Direction of this project

macmania commented 10 years ago

I was wondering if it would be better to focus on a particular class in machine learning that is computationally intensive - dimensionality reduction, neural networks, fourier transform, etc rather than re-writing the algorithms. My take is if we just use one of the multi-translator compiler - python -> go or c++ -> go, we might be able to save some time. The team can just do some tests.

sjwhitworth commented 10 years ago

I'd rather write them ourselves. That way, we can better optimise to any advantages that Go will give us - e.g. using goroutines to independently train random forests. Plus, I could do with the practice :)

lazywei commented 10 years ago

Then I think we may need to implement some basic matrix computation algorithms first? If we want to re-build whole algorithms, it's definitely we will heavily need some fundamental infrastructures.

sjwhitworth commented 10 years ago

Yes, I agree. There has been a good start on a matrix library that is imported in this library, but it's probable that we will need to do a lot more ourselves. Eigenvectors, etc.

lazywei commented 10 years ago

If we want to do so many things by ourself, we probably should think a better way to organize the packages / subpackages etc. Any thought on this?

sjwhitworth commented 10 years ago

I'm agnostic. I'm willing to take suggestions on it, or just to start writing things, and continually refactor.

macmania commented 10 years ago

Can you work on the documentation part of the project just to give an idea for the people doing the project on how to run and test a particular component. And if you have any kind of standards in terms of what coding standards - formatting, naming conventions, etc. :)

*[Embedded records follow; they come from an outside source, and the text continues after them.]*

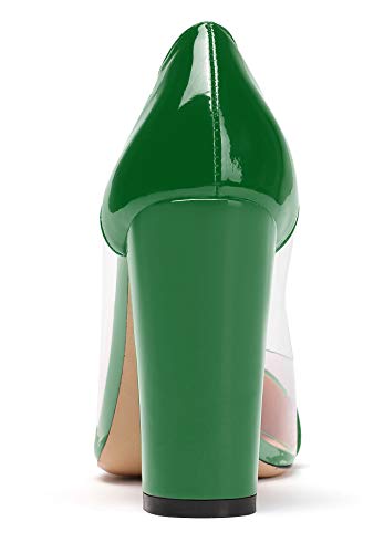 SAMMITOP Women's Chunky Heel Pumps Pointed Toe High Heel Transparent Dress Shoes 4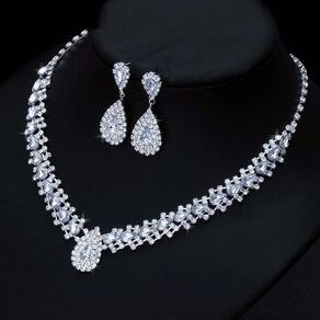 Conjunto colar e brinco em formato de gota banhado a ouro branco com cristais austríacos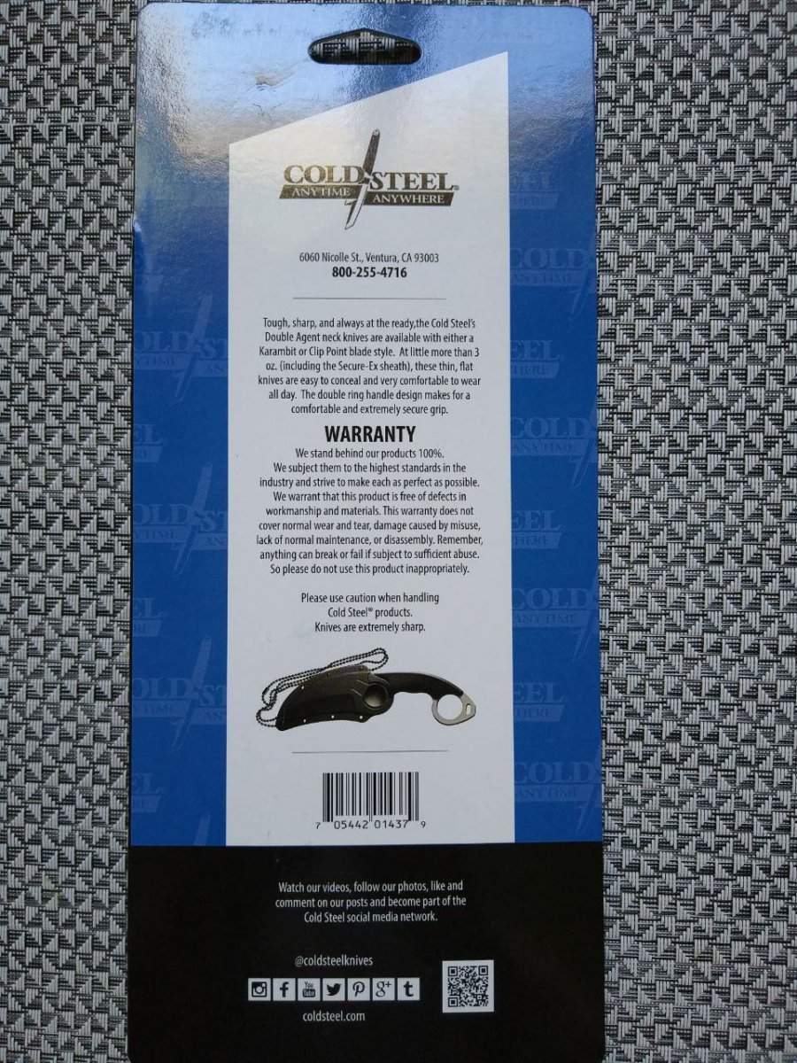 Нескладний ніж От компании Cold Steel. Модель Double Agent I (39FKZ).

lazywei commented 10 years ago

Agree! We do need some formatting, naming conventions, so that others can contribute more easily. For formatting, I recommend to use http://godoc.org/code.google.com/p/go.tools/cmd/goimports For naming conventions, I have no idea yet. Another point is, how do we organize so many learning algorithms? Every algorithms in their own "golearn/xxx" package?

sjwhitworth commented 10 years ago

@macmania: Sure I can. Like I said, I'm definitely willing to take suggestions from others. I don't want to be the sole arbiter of the project's direction. I will try and write some up tonight.

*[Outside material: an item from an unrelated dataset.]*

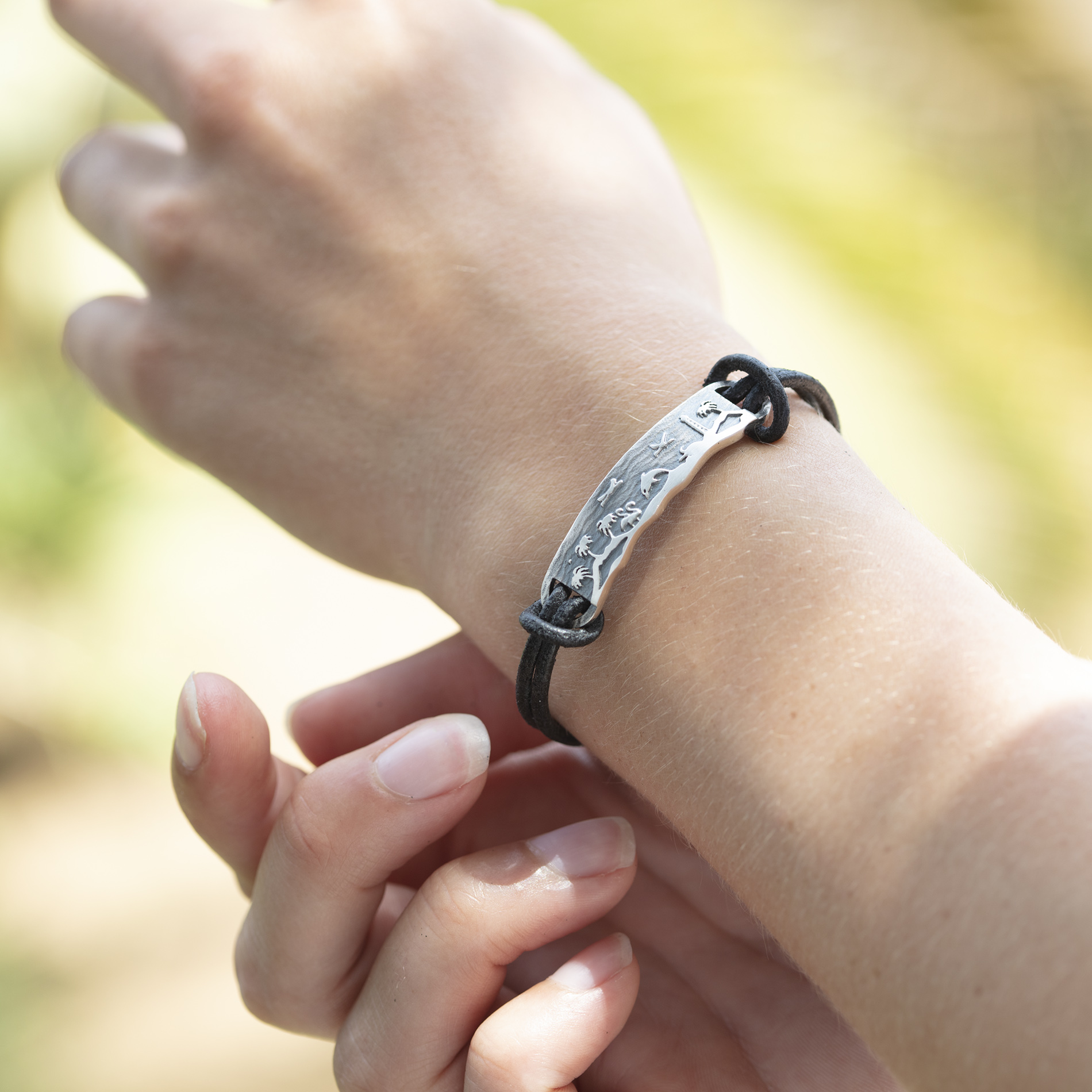 - 925er Sterling-Silber mit gewachstem Baumwollband (Achtung: Produktabbildung ist mit Lederband. Dieses steht nicht mehr zur Verfügung)

@lazywei: We should group algorithms together by commonalities. For example, a decision tree package can contain CART, Random Forests, etc. A neural network package could contain simple neural nets, RBM's, etc. So, not grouping by supervised/unsupervised, but by shared approaches to learning methods. I'd imagine that we'd also have a data package for cross validation/label encoding, some additional matrix/distance methods in another package, and some utility functions.

macmania commented 10 years ago

would it be better if we had grouped the algorithms by supervised and unsupervised? We can do that later on if we have tons of packages. @sjwhitworth: sounds good, I'll work on the library after you've done the documentation ^_^

macmania commented 10 years ago

@sjwhitworth: let me know if you need help writing the documentation for the project.

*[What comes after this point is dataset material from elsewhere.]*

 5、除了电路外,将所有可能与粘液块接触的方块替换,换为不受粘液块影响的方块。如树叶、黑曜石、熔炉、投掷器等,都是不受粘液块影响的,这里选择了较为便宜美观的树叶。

sjwhitworth commented 10 years ago

@macmania: Sure, why not. Let's just get writing some stuff, and we can refactor when we need to :) Definitely would love help writing documentation - I'll just put it all in a Markdown file for now, and then we can pretty it up later.

macmania commented 10 years ago

awesome - do you mind putting a google drive document url so we can edit as we go?

sjwhitworth commented 10 years ago

Sure, here you go -> https://docs.google.com/document/d/1x21Y-g1rga0LTwC_LnKHi0y7RjFzd2Il7YB47rp7kTA/edit?usp=sharing

macmania commented 10 years ago

can you make it editable?

mseravalli commented 10 years ago

Hi! I find this an interesting project and I would like to collaborate. I have only a couple of questions:

Would it make sense to have the tests in a separate folder? So that they don't "spoil" the code within the library
Is there a precise reason why the import statements refere the $GOPATH and they are not referring the same package? The thing is that if I make some changes I don't see them in the examples. I hope the explanation is understandable.

I can implement the regressions, cause I have already done it in C.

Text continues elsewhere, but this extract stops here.